◆ **LISTED RECORDS**
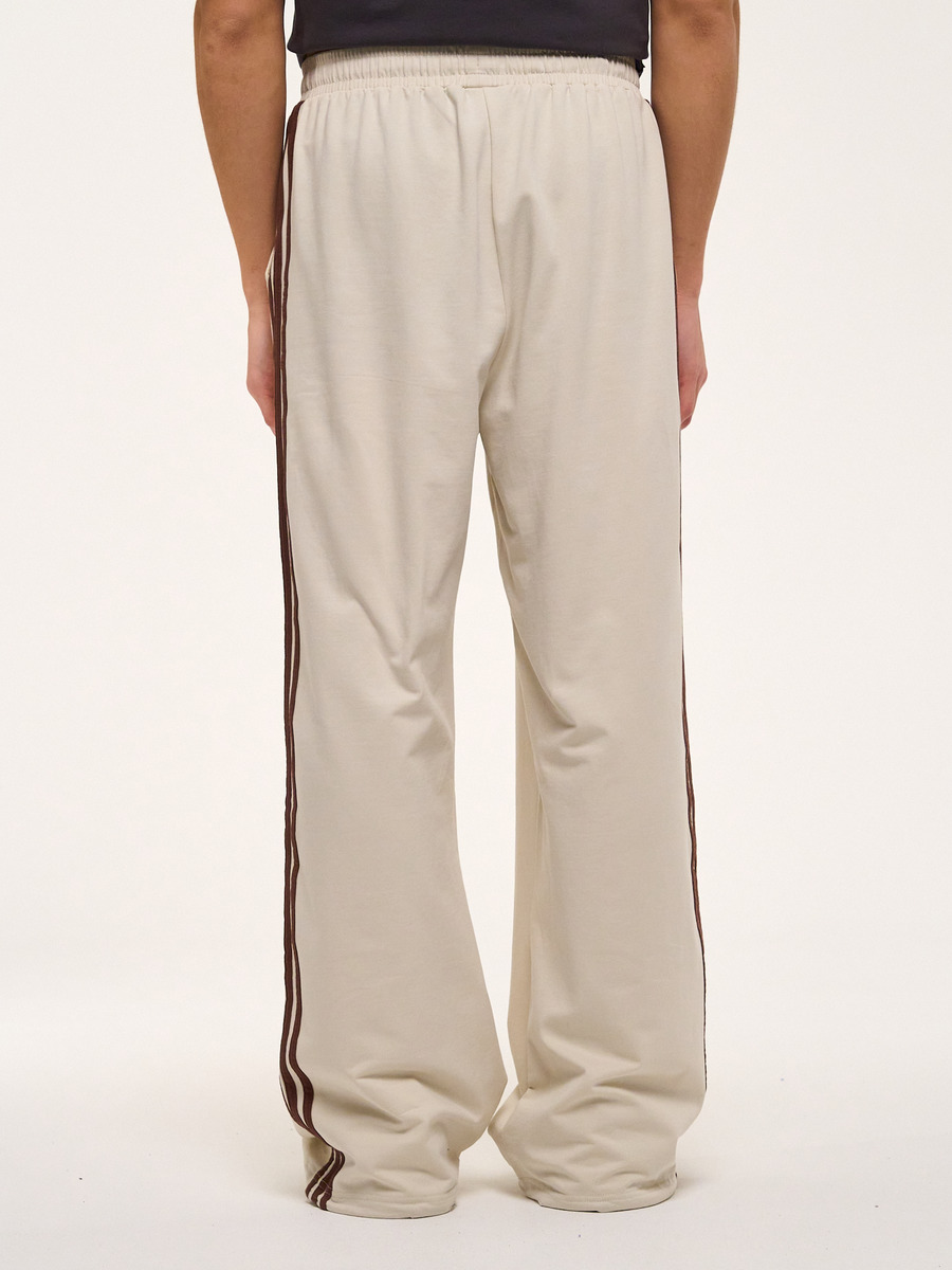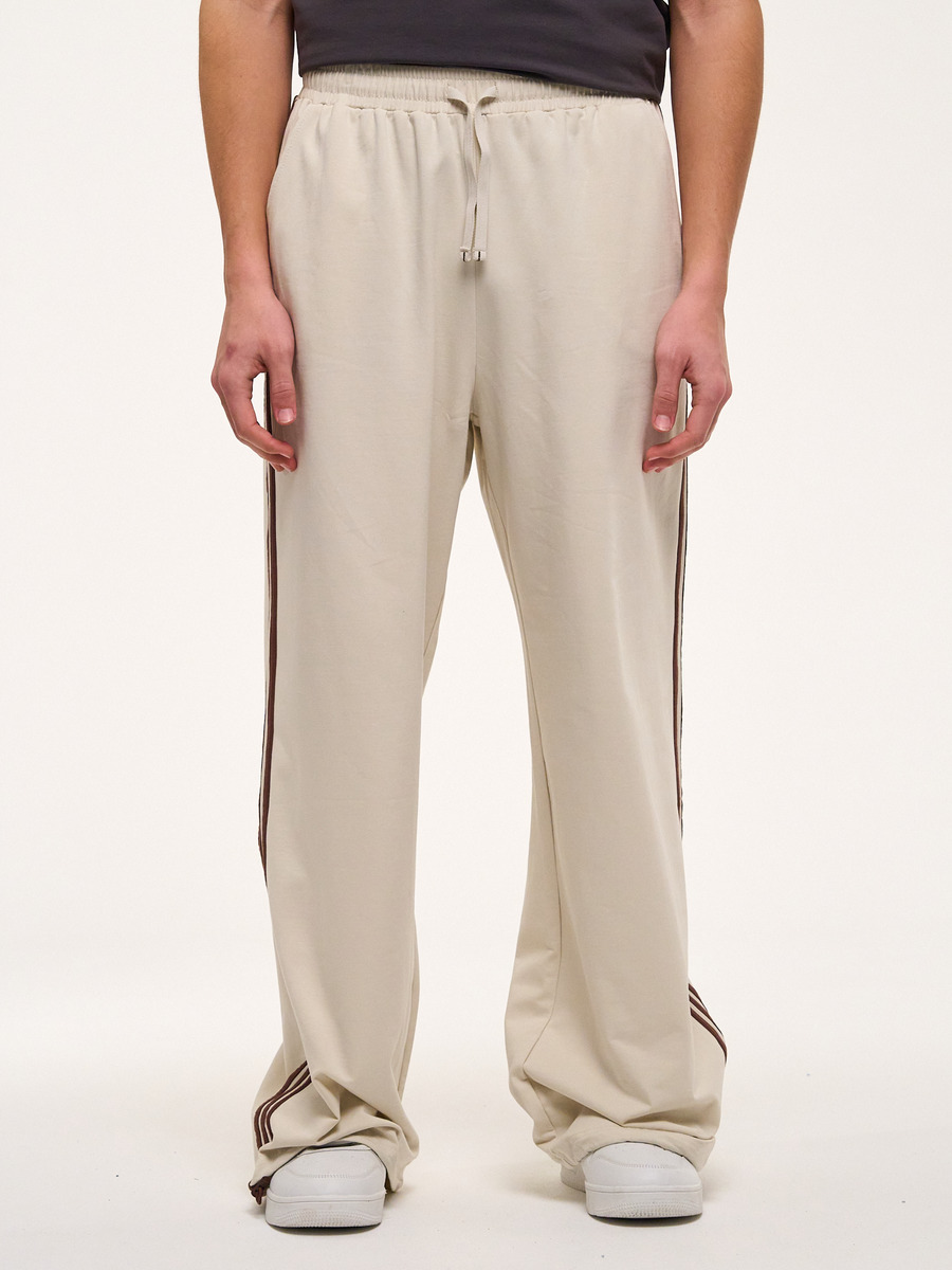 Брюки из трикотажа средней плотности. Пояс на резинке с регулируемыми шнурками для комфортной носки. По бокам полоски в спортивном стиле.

--

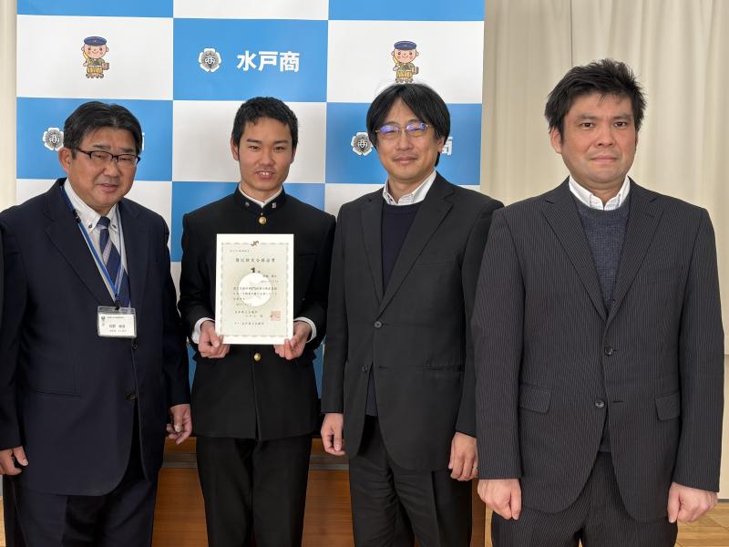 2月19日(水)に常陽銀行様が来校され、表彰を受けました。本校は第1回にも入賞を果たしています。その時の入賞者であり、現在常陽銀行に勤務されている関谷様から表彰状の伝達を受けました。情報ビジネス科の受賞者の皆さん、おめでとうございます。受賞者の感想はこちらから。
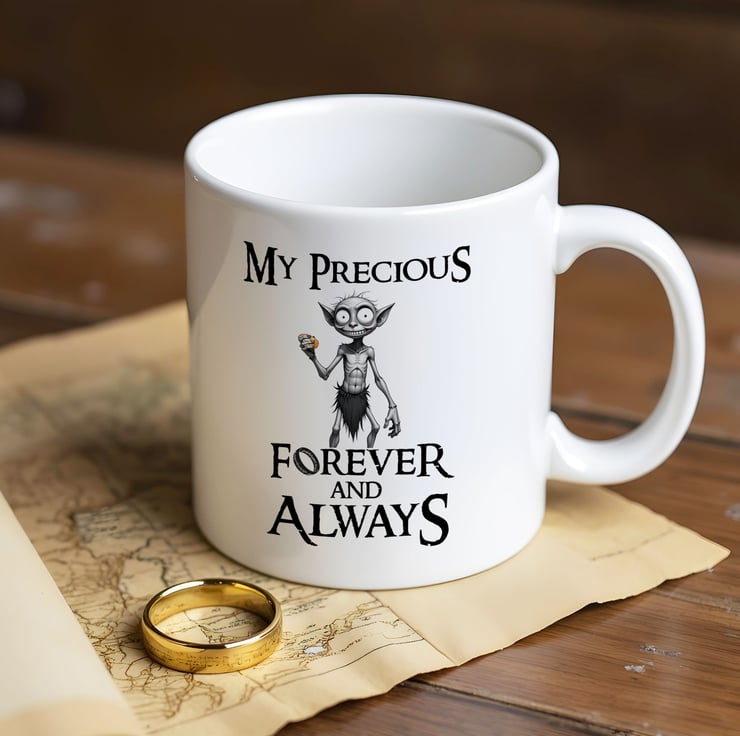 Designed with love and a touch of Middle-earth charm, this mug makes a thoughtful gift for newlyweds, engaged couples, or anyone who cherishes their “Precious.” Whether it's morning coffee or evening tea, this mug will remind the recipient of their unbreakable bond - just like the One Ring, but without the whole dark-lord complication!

◆ **WHAT IS NEEDED**
Give the lines above again exactly, from the one containing "2月19日(水)に常陽銀行様" to the one containing "Designed with love", both included, but leave out the pictures.

◆ **EXPECTED OUTPUT**
 2月19日(水)に常陽銀行様が来校され、表彰を受けました。本校は第1回にも入賞を果たしています。その時の入賞者であり、現在常陽銀行に勤務されている関谷様から表彰状の伝達を受けました。情報ビジネス科の受賞者の皆さん、おめでとうございます。受賞者の感想はこちらから。
 Designed with love and a touch of Middle-earth charm, this mug makes a thoughtful gift for newlyweds, engaged couples, or anyone who cherishes their “Precious.” Whether it's morning coffee or evening tea, this mug will remind the recipient of their unbreakable bond - just like the One Ring, but without the whole dark-lord complication!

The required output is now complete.